The setup enables a chat show format to be created during lockdown, with only two frames of latency between the participants
Vizrt has demonstrated authentic-looking ‘teleportation’, with two presenters appearing to be sitting in the same studio, despite one being in Bergen, Norway and the other in Vomp, Austria (more than 2,000 km apart).
The studio set is a detailed virtual studio environment – with both presenters streamed from a green screen environment in their different locations, and rendered into the virtual studio with very little latency.
They are able to chat together, appear to have eye contact and interact with the virtual environment around them.
It’s made possible using IP/public internet and the built-in Fusion renderer in Vizrt’s Viz Engine 4.1, using two Matrox Monarch Edge devices to send and receive streams from Norway to Austria. It was created with only two frames of latency for audio and video.
The creation of the software enabling the teleportation demo was pushed forward several months due to the increased demand for such a setup while social distancing mandates are in place.

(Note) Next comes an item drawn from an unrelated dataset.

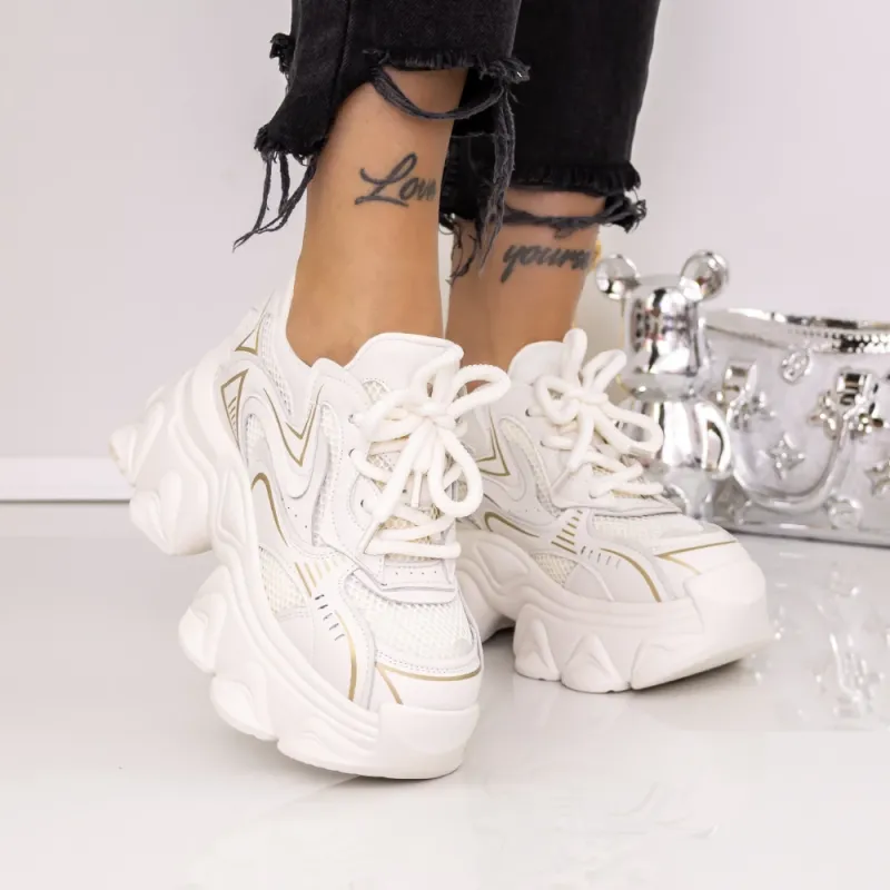 Pantofi Sport Dama cu Platforma 760-1 Alb | Mei

The demo of teleportation was made as a form of marketing via the company’s VizrTV online platform, and during the demo, the participants – Chris Black (head of brand and content for the Vizrt Group) and Gerhard Lang (CTO for the Vizrt Group) – explain how it’s done. The demo was set up in around three days.
Lang said: “The ability of Viz Engine 4.1 to key two or more independent streams at the same time while rendering and compositing everything together is the real magic here. Getting good quality video from Chris’s location with very little latency to the Viz Engine 4.1 in Austria via public Internet was crucial for the keying quality and natural dialogues.”
Black adds: “The end goal should always be that the technology is an enabler, not a distraction. So while we can do amazing graphics, it’s more important that we can bring two people together in a nearly seamless way so they can have a natural conversation in real time, despite the distances involved.”